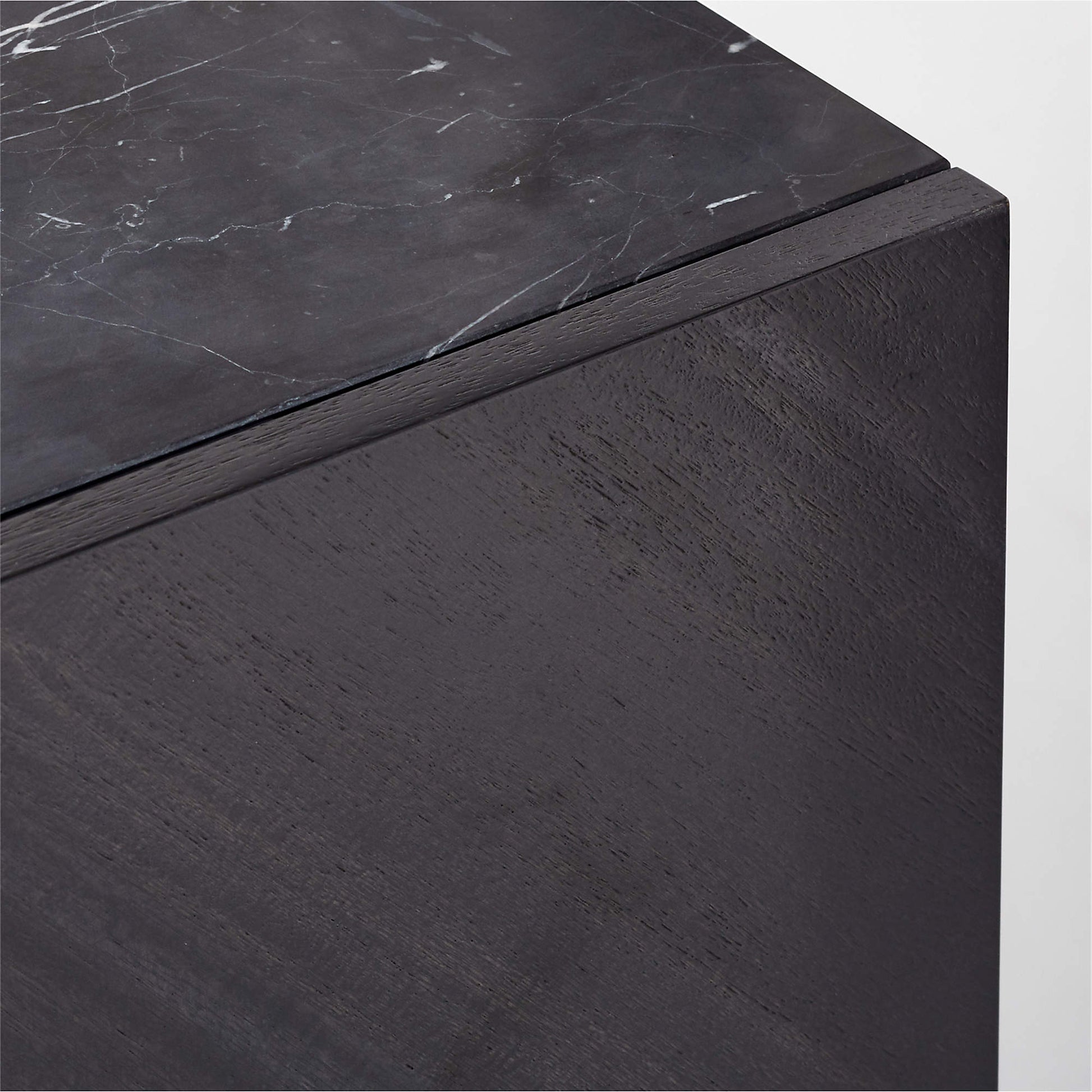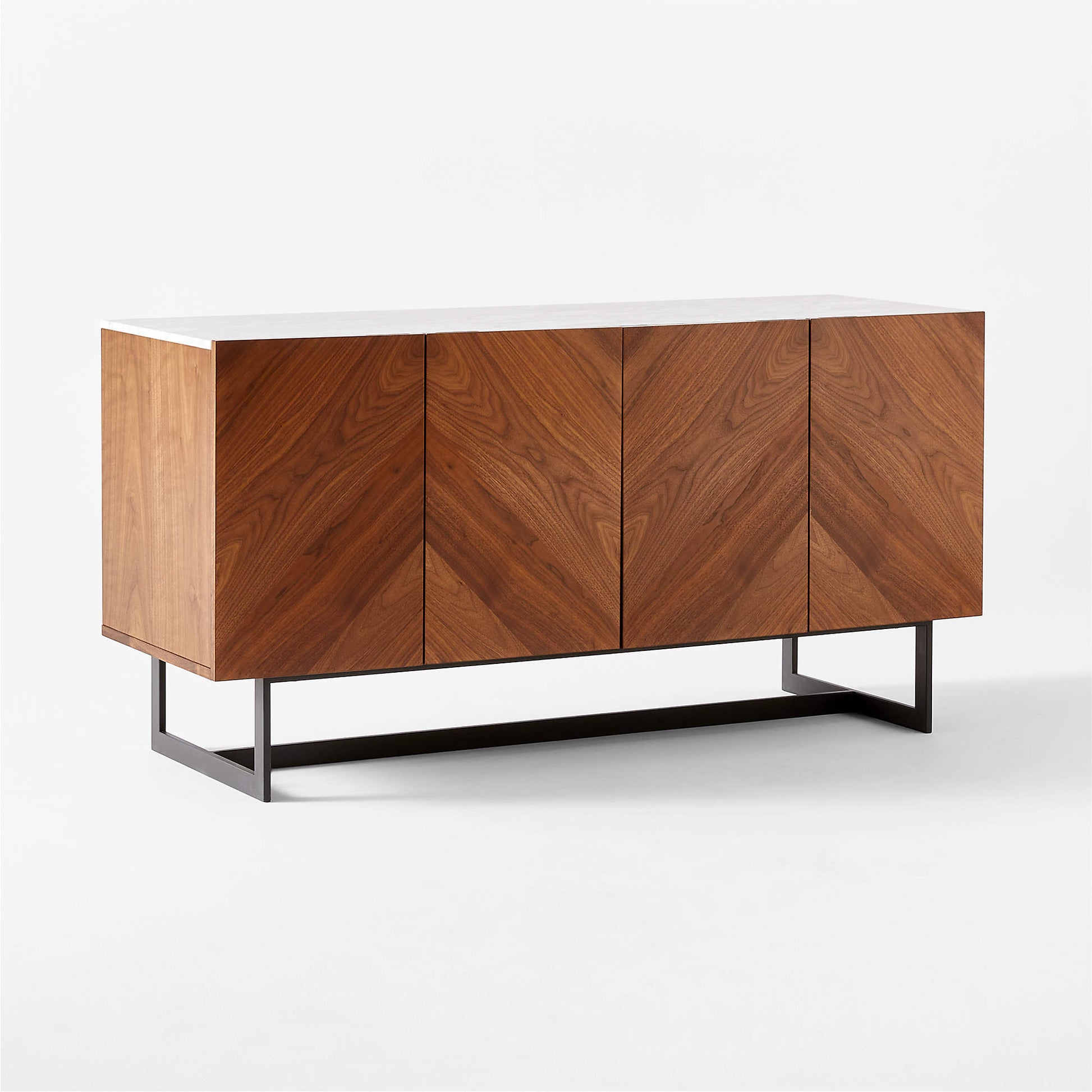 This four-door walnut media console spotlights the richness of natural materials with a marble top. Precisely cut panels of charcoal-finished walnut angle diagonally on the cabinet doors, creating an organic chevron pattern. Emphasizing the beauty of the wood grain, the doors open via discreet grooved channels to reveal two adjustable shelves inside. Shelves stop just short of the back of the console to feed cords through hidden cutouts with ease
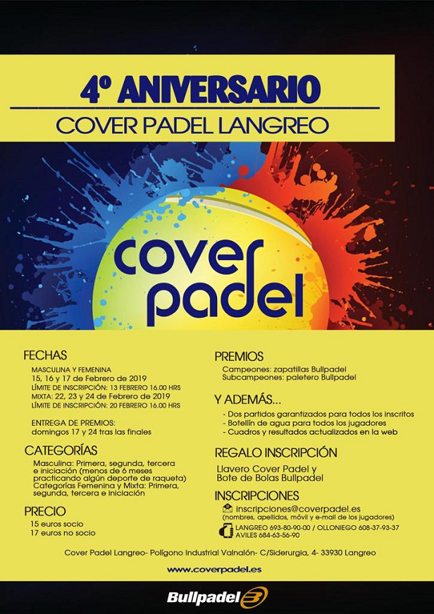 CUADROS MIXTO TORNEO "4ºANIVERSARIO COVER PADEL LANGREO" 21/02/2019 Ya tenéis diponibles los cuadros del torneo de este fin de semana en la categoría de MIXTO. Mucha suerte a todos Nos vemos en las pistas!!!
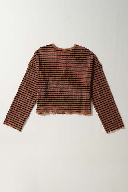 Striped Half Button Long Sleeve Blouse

··········

> **Exercise**: The required output consists only of the lines from the one containing "CUADROS MIXTO TORNEO" to the last line of the material, reproduced exactly, pictures excluded.

> **Task solution**:
 CUADROS MIXTO TORNEO "4ºANIVERSARIO COVER PADEL LANGREO" 21/02/2019 Ya tenéis diponibles los cuadros del torneo de este fin de semana en la categoría de MIXTO. Mucha suerte a todos Nos vemos en las pistas!!!
 Striped Half Button Long Sleeve Blouse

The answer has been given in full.